Assigned task:
Repeat precisely the line in which "Maratha Vidya Prasarak" occurs and all lines that follow it in the entries below. Pictures must be omitted.

╭─ Extracted information

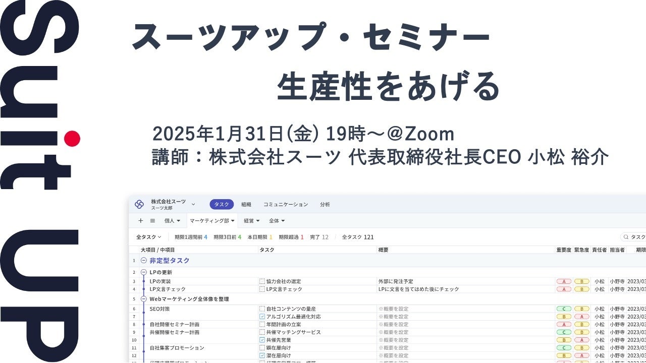 株式会社スーツ(所在地:東京都千代田区、代表取締役社長CEO:小松 裕介)は、2025年1月31日(金)19時から、当社代表の小松が講師を務めるスーツアップ・セミナー「生産性をあげる」を無料開催します。
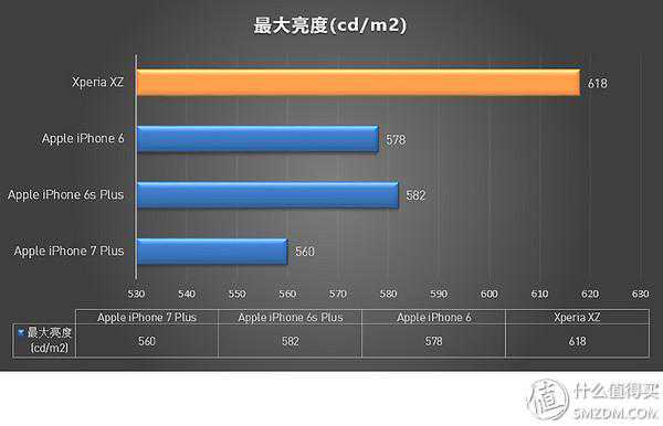 XperiaXZ的最大亮度达到了618,这样的高亮度在阳光下显示也不会成为困扰。iPhone7Plus也达到了560,加上抗反光涂层,阳光下的效果也不会差。官方宣称的25%屏幕亮度提升,测试中没有体现出来,也许在强光照射或是RetinaFlash的时候会激活吧~~
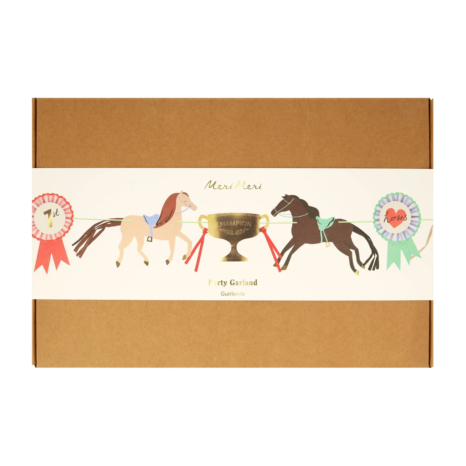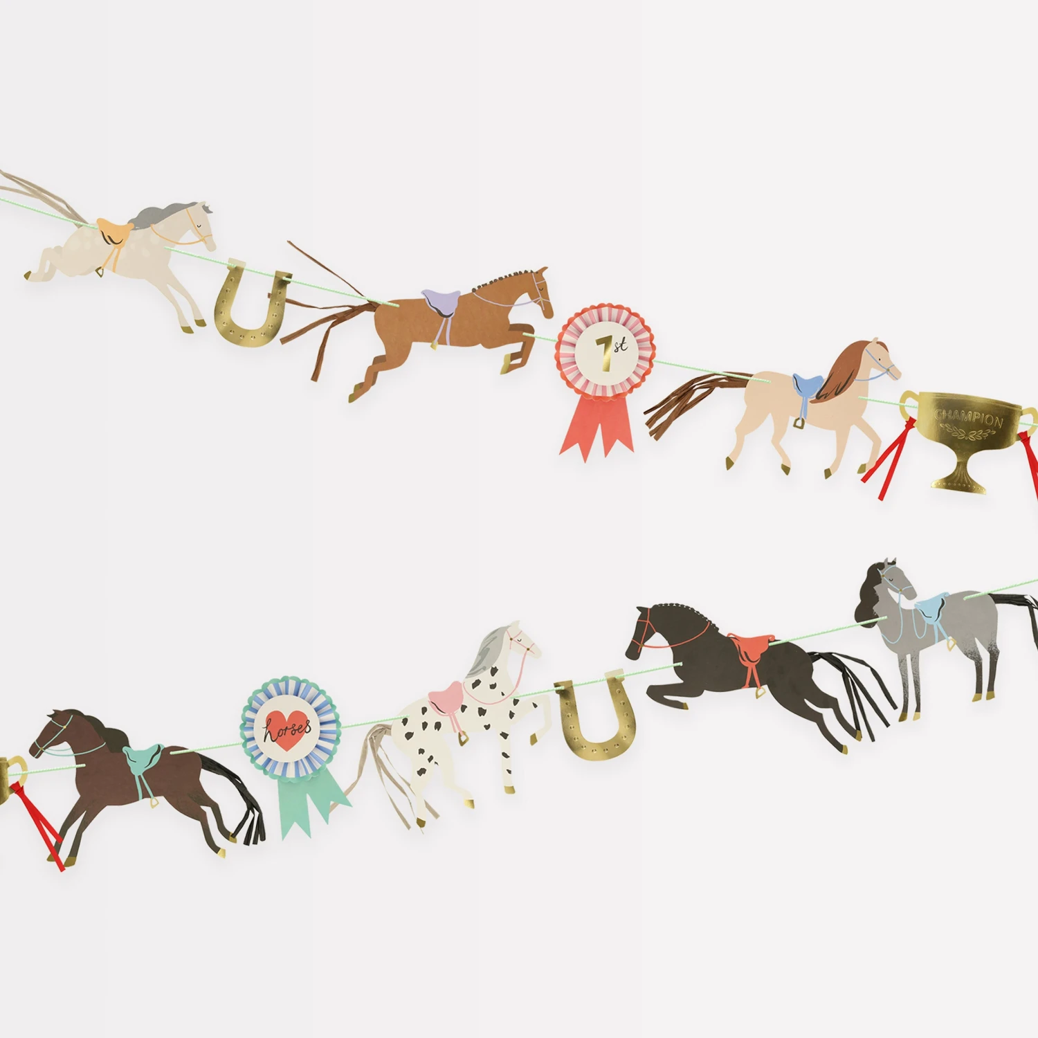 This gorgeous garland will make your guests gallop with glee! The combination of horses, shiny foil horseshoes, a champion cup and colorful rosettes will look perfect on the party table or on the wall. It’s also a wonderful decoration for a horse-mad child’s bedroom.
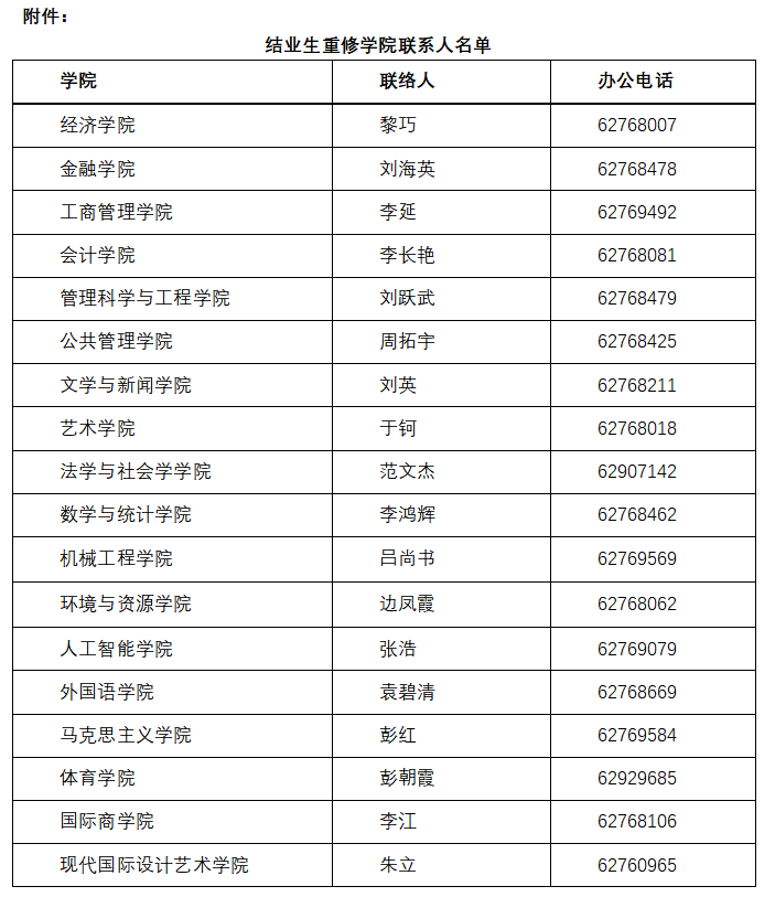附件:结业生重修学院联系人名单
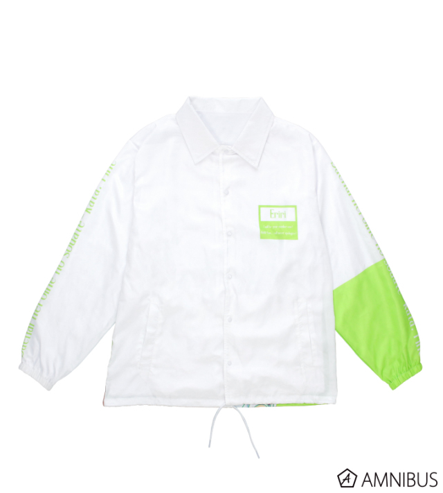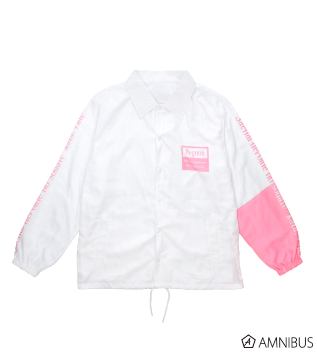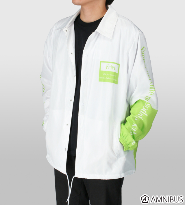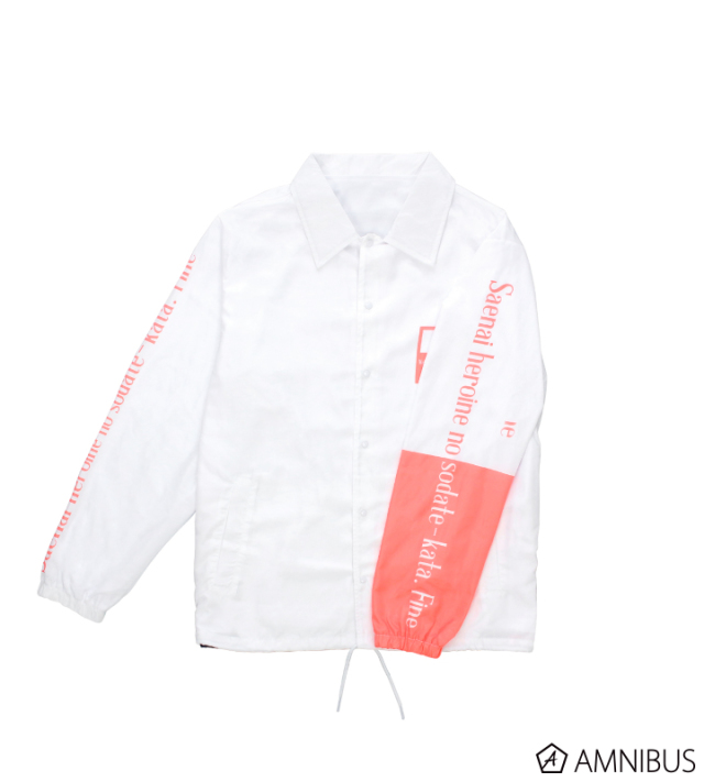 以教練外套的版型設計,正面有著各角色的英文名字,兩手手臂上則有《不起眼女主角培育法 Fine》的英文名稱,以不對稱的色塊配置讓白色的外套略顯不同。最引人注目的就是背後的女角了,以 AMINIUS 自豪的 Ani-Art 繪圖系列,讓美美的三位女角活現在外套上,色彩的繽紛讓人更多添一種夢幻的氛圍。
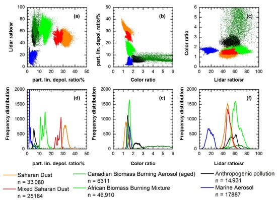 Characteristic lidar quantities of various atmospheric aerosol types (a–c) with frequency distributions (d–f), as well as the total number of measurement points (n) for each aerosol type. Each point in (d–f) represents a single lidar observation. (Figure and caption from Figure 5 in Groß et al. [93] licensed under CC BY 3.0).
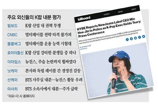 방탄소년단(BTS)을 키운 하이브와 뉴진스를 키운 하이브 산하 레이블 어도어 민희진 대표 사이에 불거진 극한 대립에 주요 외신들도 주목하고 있다. 외신들은 양측의 진실 공방보다 이번 사태를 촉발한 K팝 산업 특유의 구조적 배경에 집중하는 모습을 보였다.
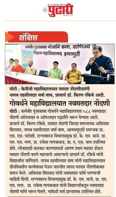 Maratha Vidya Prasarak Samaj’s Karmaveer Punjababa GoverdhaneArts, Commerce and Science CollegeIgatpuri, Nashik-422403, Maharashtra, INDIA. Affiliated to Savitribai Phule Pune University (ID. No. PU/NS/ASC/023/1981) | Junior College Index No. J.13.04.004 NAAC Re-Aceredited (“B” Grade with CGPA 2.52)  |
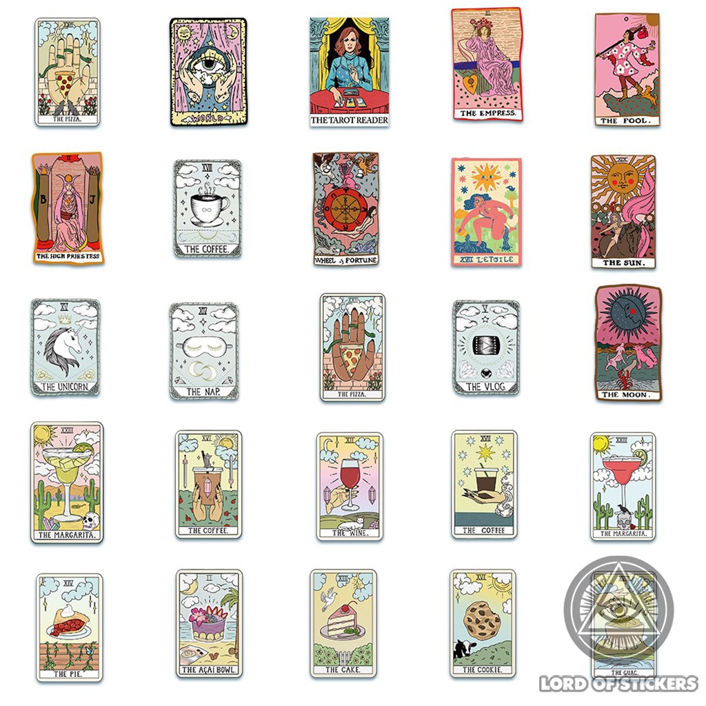 Set 50 Nhãn Dán Hình Lá Bài Tarot Sticker Chống Thấm Nước Trang Trí Mũ Bảo Hiểm, Laptop, Miếng Dán Sổ Dễ Thương
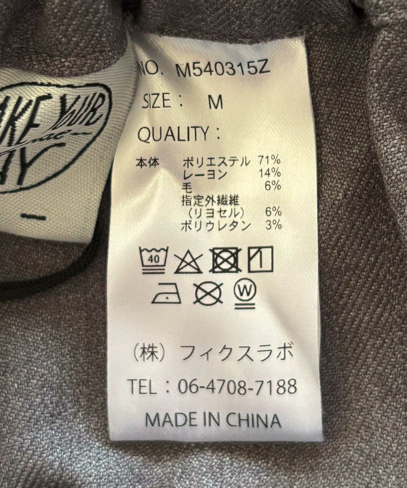M:総丈103cm,ウエスト72cm,股上37cm,ヒップ122cm,

╰─

Task solution:
 Maratha Vidya Prasarak Samaj’s Karmaveer Punjababa GoverdhaneArts, Commerce and Science CollegeIgatpuri, Nashik-422403, Maharashtra, INDIA. Affiliated to Savitribai Phule Pune University (ID. No. PU/NS/ASC/023/1981) | Junior College Index No. J.13.04.004 NAAC Re-Aceredited (“B” Grade with CGPA 2.52)  |
 Set 50 Nhãn Dán Hình Lá Bài Tarot Sticker Chống Thấm Nước Trang Trí Mũ Bảo Hiểm, Laptop, Miếng Dán Sổ Dễ Thương
M:総丈103cm,ウエスト72cm,股上37cm,ヒップ122cm,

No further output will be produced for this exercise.